Предыдущая тема :: Следующая тема |
Автор |
Сообщение |
Marie Paganel
Зарегистрирован: 23.09.2007 Сообщения: 72 Откуда: Карелия
|
Добавлено: Пн Янв 16, 2012 5:58 am Заголовок сообщения: Price Two Cents |
|
|
Автор: Marie Paganel
Бета: Anna_Dreamer
Название: Price Two Cents
Фандом: «Таинственный остров»
Дисклеймер: Характеры и имена принадлежат Жюлю Верну, а названия - городу Ричмонду. Все события и персонажи являются вымышленными, совпадения с реальностью случайны.
Рейтинг: PG
Герои: Гедеон Спилет, Сайрес Смит, южане
Жанр: angst
Размер: ~2200 слов
Предупреждения: цинизм, трупы
Ключевые слова: Судьба, Вдалеке, Цвет
Уровень сложности: 2
Примечание: «PRICE TWO CENTS» - так гласила надпись на первой странице ежедневной газеты «Нью-Йорк Геральд». Она означает «Цена – 2 цента».

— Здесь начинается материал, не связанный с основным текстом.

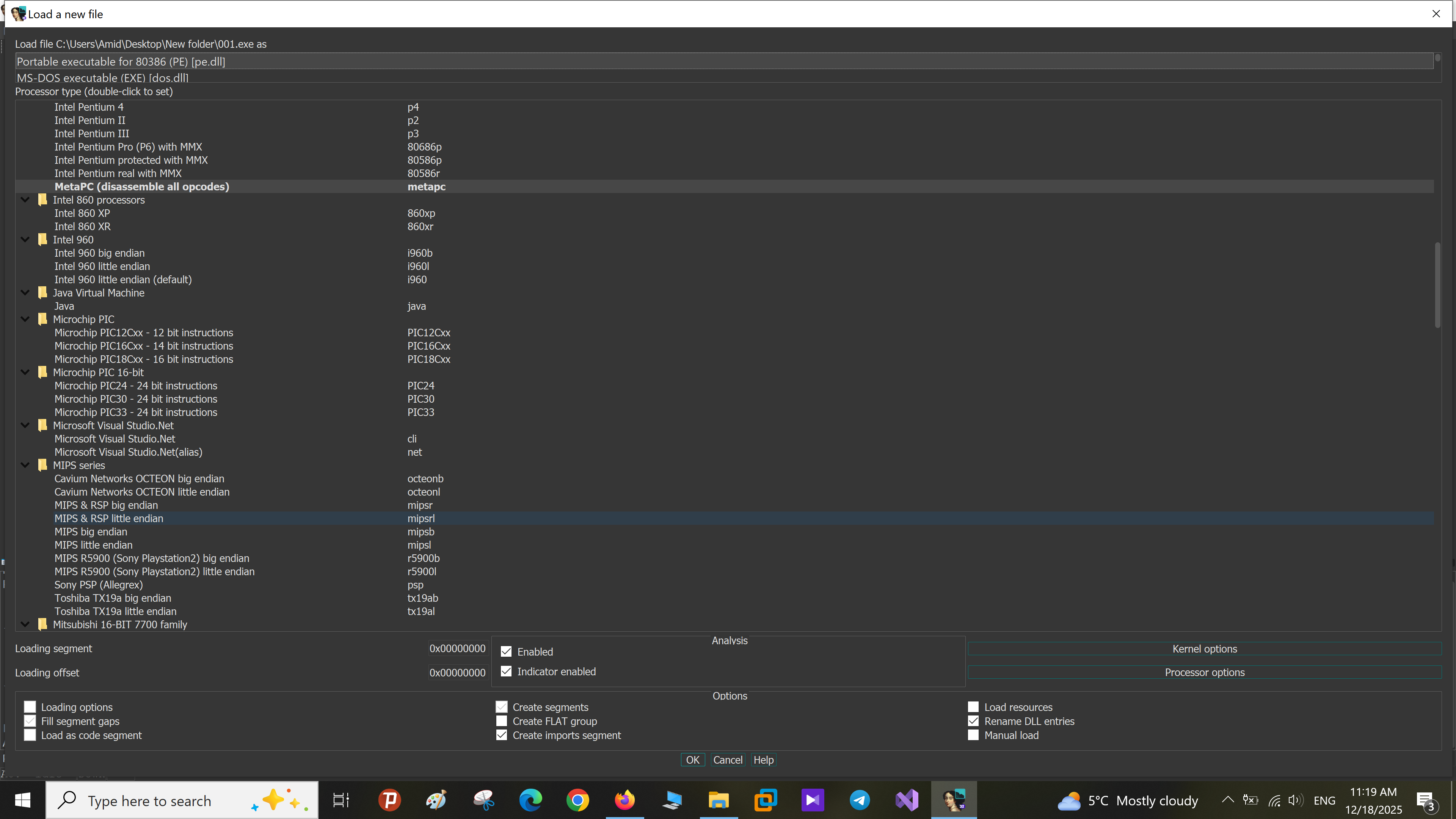 لیست تمام پردازه هایی که IDA پشتیبانی میکند در زیر لیست شده هستن.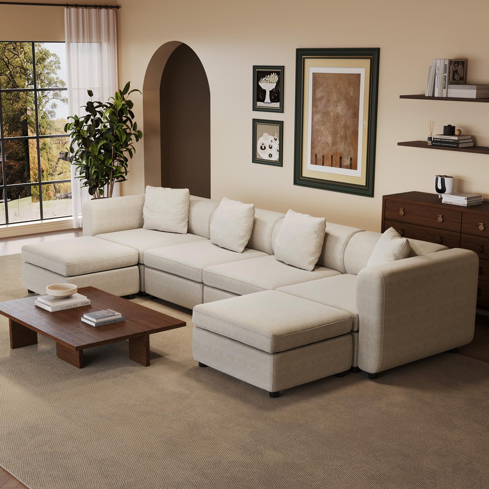 Flexible Arrangement Freedom: The QEZEOM oversized modular sectional sofa offers unrivalled flexibility with its rearrangeable design. Tailor it to fit your space perfectly, whether you prefer a classic L-shape or a spacious U-shape setup, providing ample seating for 6 people comfortably. Innovative
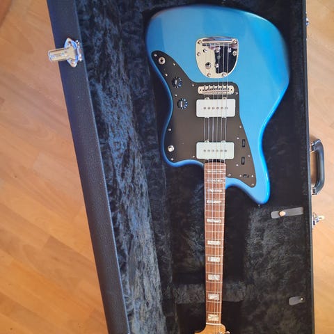 Til salgs en nydelig Duesenberg Starplayer Special i finishen Blue Sparkle. Ifølge serienummer er gitaren fra 2002. Rock hard stabil og rett maple neck, alder body, indian rosewood fretboard med jevne, fine bånd uten nevneverdig slitasje. Duesenberg GrandVintage Humbucker i neck og Duesenberg CrunchBucker i bridge, som låter enormt bra.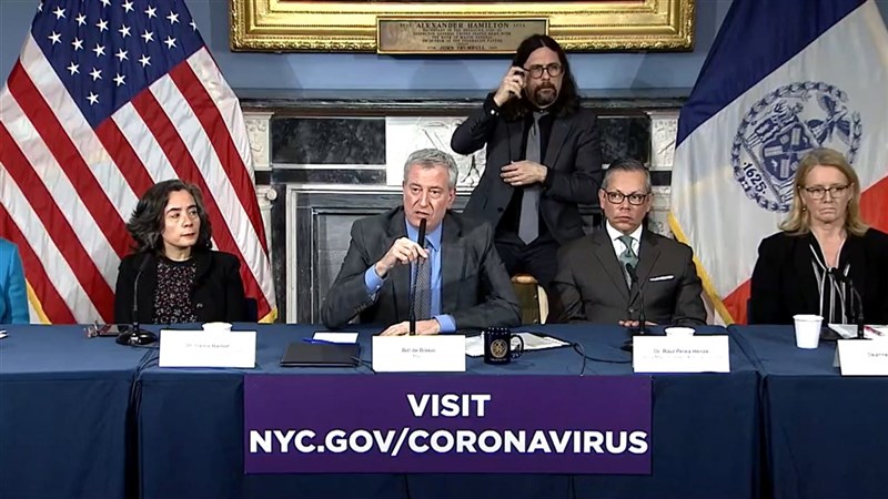 因新冠病毒疫情惡化,紐約市長白思豪(前左2)12日宣布全市進入緊急狀態。圖/取自twitter.com/NYCMayor

Примечание 2: ключевые слова и уровень сложности - условия челленджа, на который фанфик был написан. |
|
Вернуться к началу |
|
|
|
|
Marie Paganel
Зарегистрирован: 23.09.2007 Сообщения: 72 Откуда: Карелия
|
Добавлено: Пн Янв 16, 2012 6:03 am Заголовок сообщения: |
|
|
***
Долговязая фигура человека в осеннем выцветшем пальто медленно двигалась от Капитолия к Черч-Хилл. Моросил холодный февральский дождь. Сутулясь, поглубже запихнув руки в карманы и надвинув шляпу почти до самого носа, человек шагал, глядя прямо перед собой.
Он не спешил. Возможно, он сам не знал, куда несут его ноги. Иногда он останавливался на перекрёстках, в недоумении оглядывался, приподняв козырёк шляпы, словно желал узнать, где он находится, но вскоре вновь утыкался взглядом в землю.
Рыжие бакенбарды прохожего были растрёпаны, пальто – расстёгнуто, платок на шее завязан в высшей степени небрежно. Башмаки и несколько щегольские клетчатые брюки – почти по колено заляпаны грязью. Он производил впечатление человека, захваченного злостью из-за своих бед и неудач. Подвижное лицо его, словно бы созданное для открытой улыбки, как-то сморщилось и потускнело.
Серый день как будто давил на него, заставляя всё сильнее ссутулиться. Человек почти демонстративно отводил взгляд от ярких пятен флагов, украшавших некоторые здания, и часто зло и резко сплёвывал на дорогу.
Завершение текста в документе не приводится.